CRITICAL PEAK PRICING
SCE proposed certain changes to its critical peak pricing (CPP) program in its direct
testimony, and explained how it was also proposing an alternative proposal that requests
optional, not default, CPP for SCE’s small commercial and industrial (C&I) customers.91 No
party challenged the general merits of those proposals and they should be adopted in their
entirety, with the following exception and clarification: Pursuant to the Joint Stipulation
Between Southern California Edison (SCE) and the California Farm Bureau Federation (CFBF)

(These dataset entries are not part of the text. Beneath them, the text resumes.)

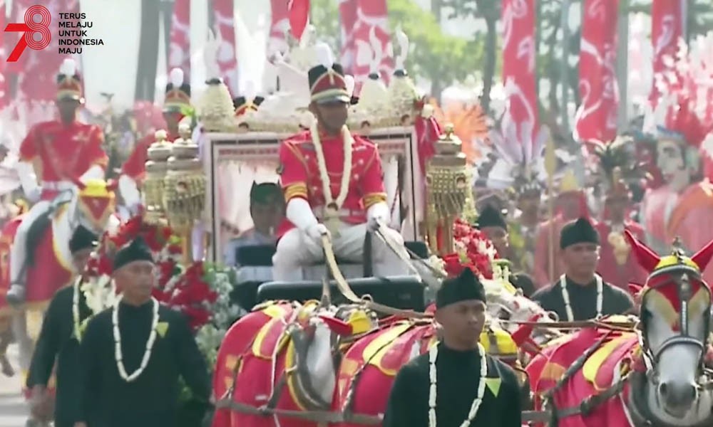 CARAPANDANG - Kemeriahan peringatan Hari Ulang Tahun (HUT) ke-77 Kemerdekaan Republik Indonesia (RI) diawali dengan prosesi kirab budaya dari Monumen Nasional (Monas) menuju Istana Merdeka, Jakarta Pusat, Rabu (17/08/2022). Prosesi kirab budaya ini kembali dilakukan setelah terakhir dilakukan pada tahun 2019, sebelum pandemi Covid-19.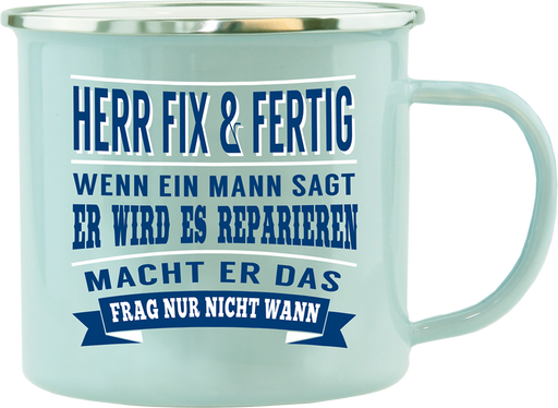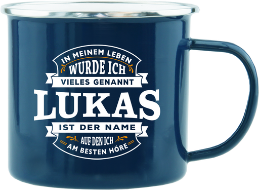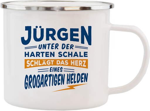 Emaille Becher / Tasse Jörg Allwissender, helle Leuchte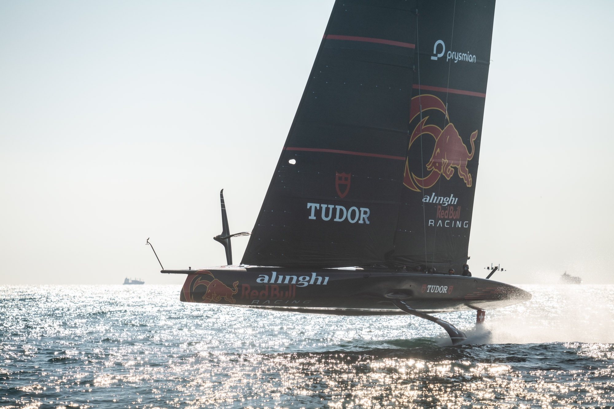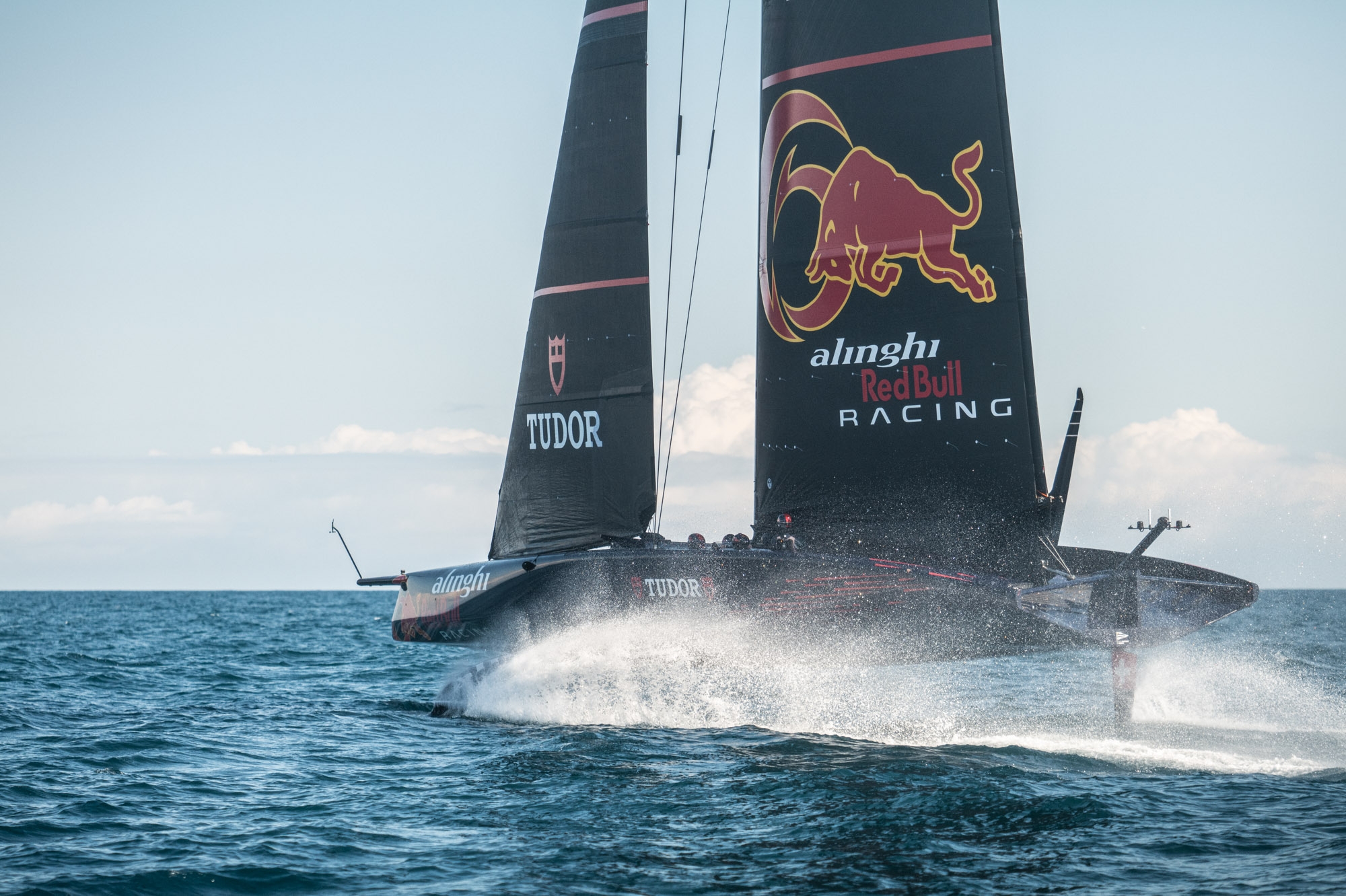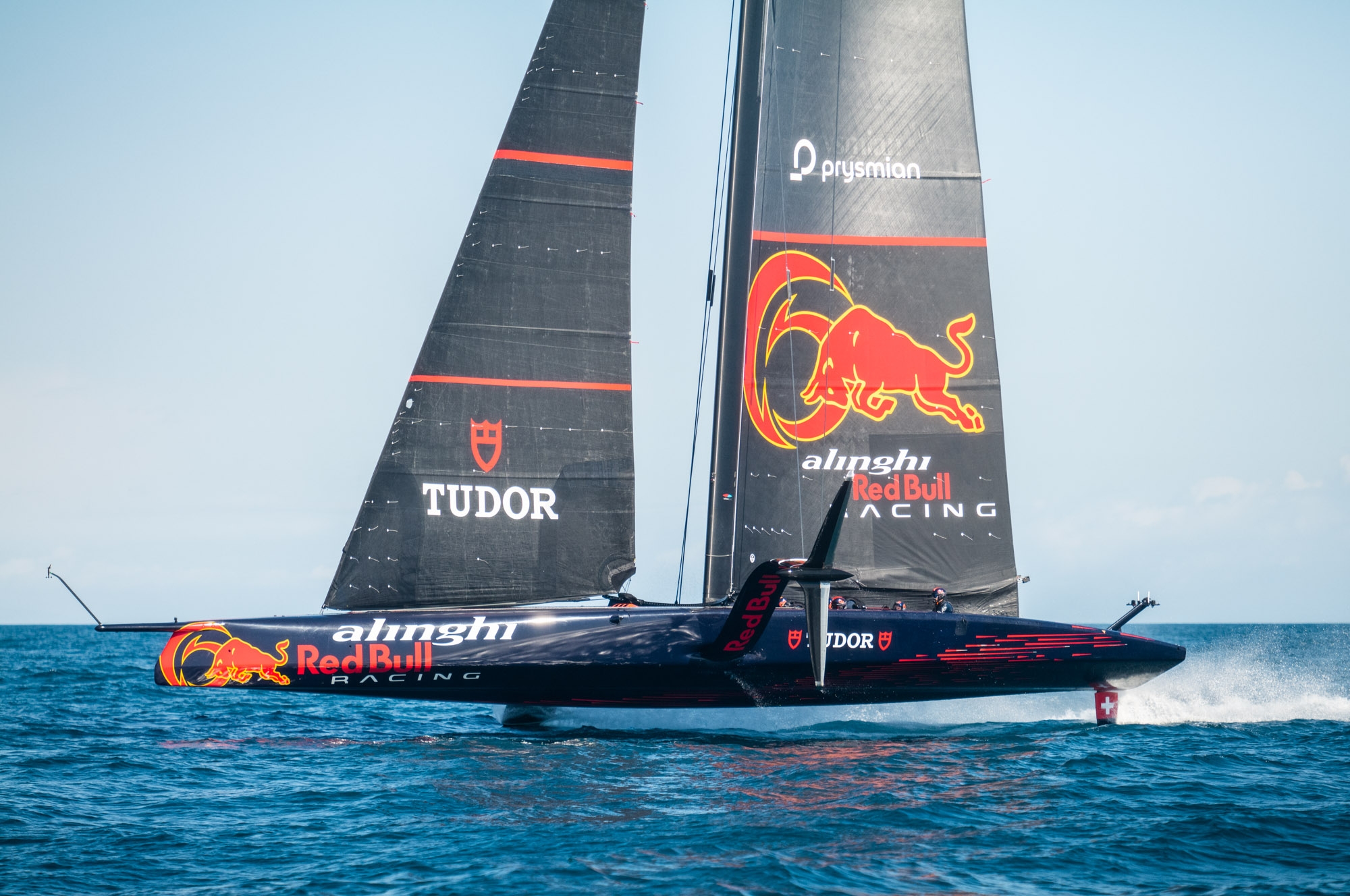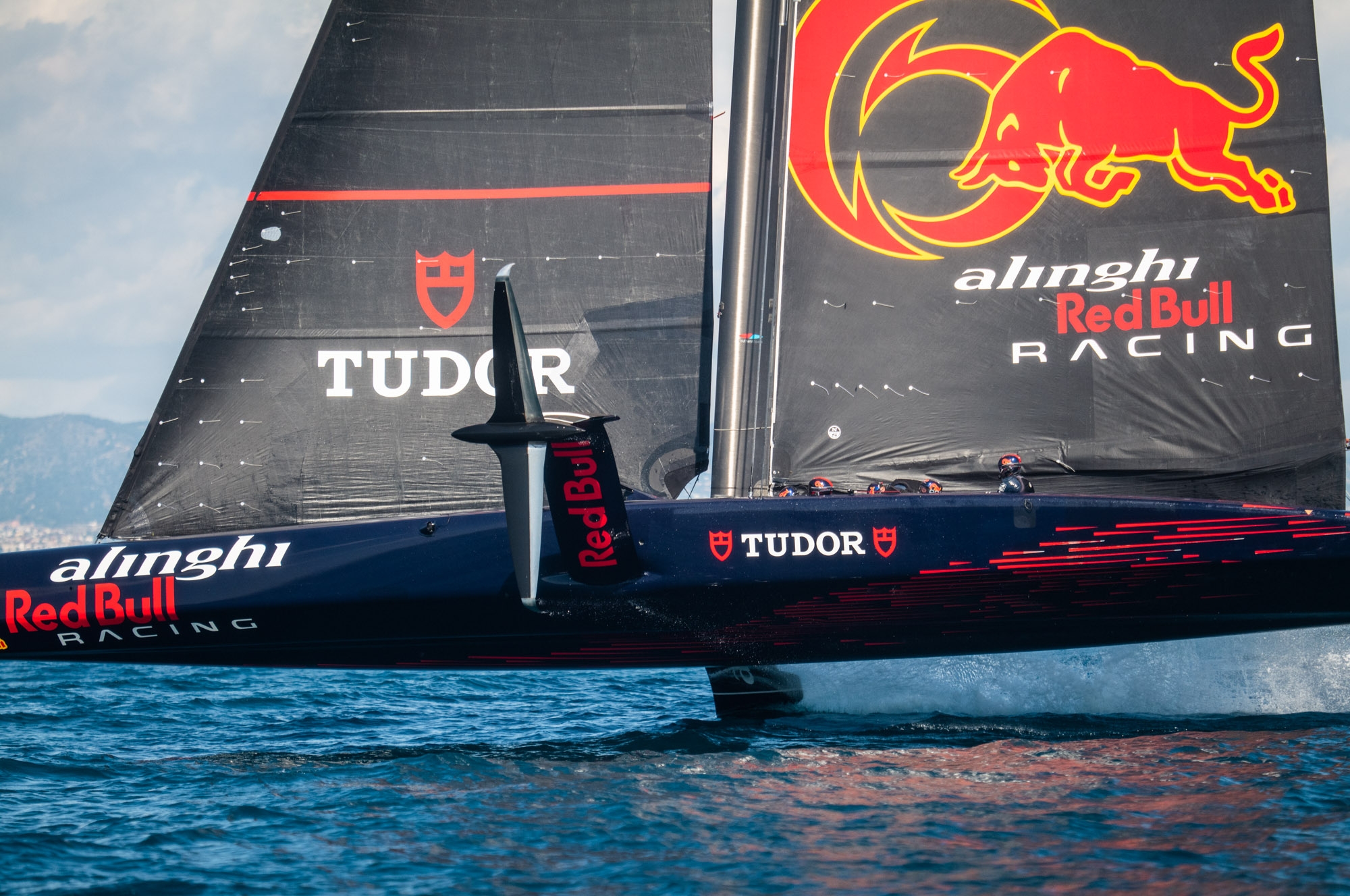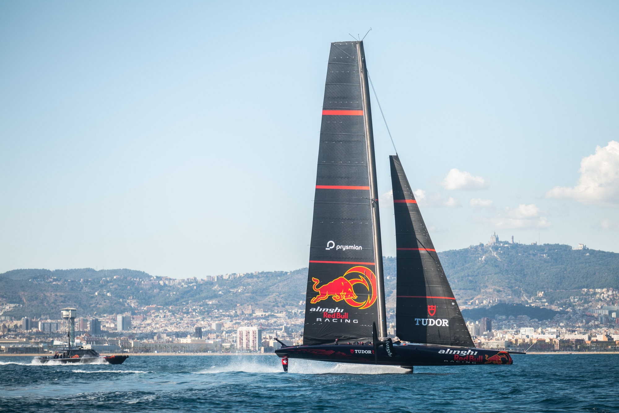 For Alinghi Red Bull Racing, they are red hot already and the snorting, sporting bulls have their tails up at the moment with the arrival of the new AC75 to their fabulous base opposite the Mare Magnum shopping centre right in the heart of the bustling Port Vell. ‘BoatOne’ was delivered by barge and craned onto the dockside before disappearing behind rather solid shutters amidst maximum security for her fit out for a first launch in April. From the sailors’ faces this was a moment and a dawning realisation for everyone else in the Louis Vuitton 37th America’s Cup that the Swiss mean more than business – they are here to win it.

and Agricultural Energy Consumers Association (AECA) (collectively, Ag Parties) Resolving
Issues in SCE’s 2016 Rate Design Window Proceeding (A.16-09-003), SCE supports extending
its alternative proposal (i.e., CPP being offered as an optional rather than a default rate) to TOU-
PA-3 customers as well.92 That result is reasonable given the unique characteristics of
agricultural customers and the relatively small amount of load served under the TOU-PA-3 rate
schedules.93
IV.
REAL-TIME PRICING (RTP)
SCE proposed a change to its RTP rate design to condense the current five-tier summer
weekday prices into three day-types.94 No party opposed SCE’s proposal and it should be
adopted in its entirety.
91 Exhibit SCE-01, pp. 84-107. 92 Exhibit SCE-CFBF-AECA-01, ¶2. 93 See, e.g., Exhibit AECA-01, pp. 19-21. 94 Exhibit SCE-01, pp. 107-115.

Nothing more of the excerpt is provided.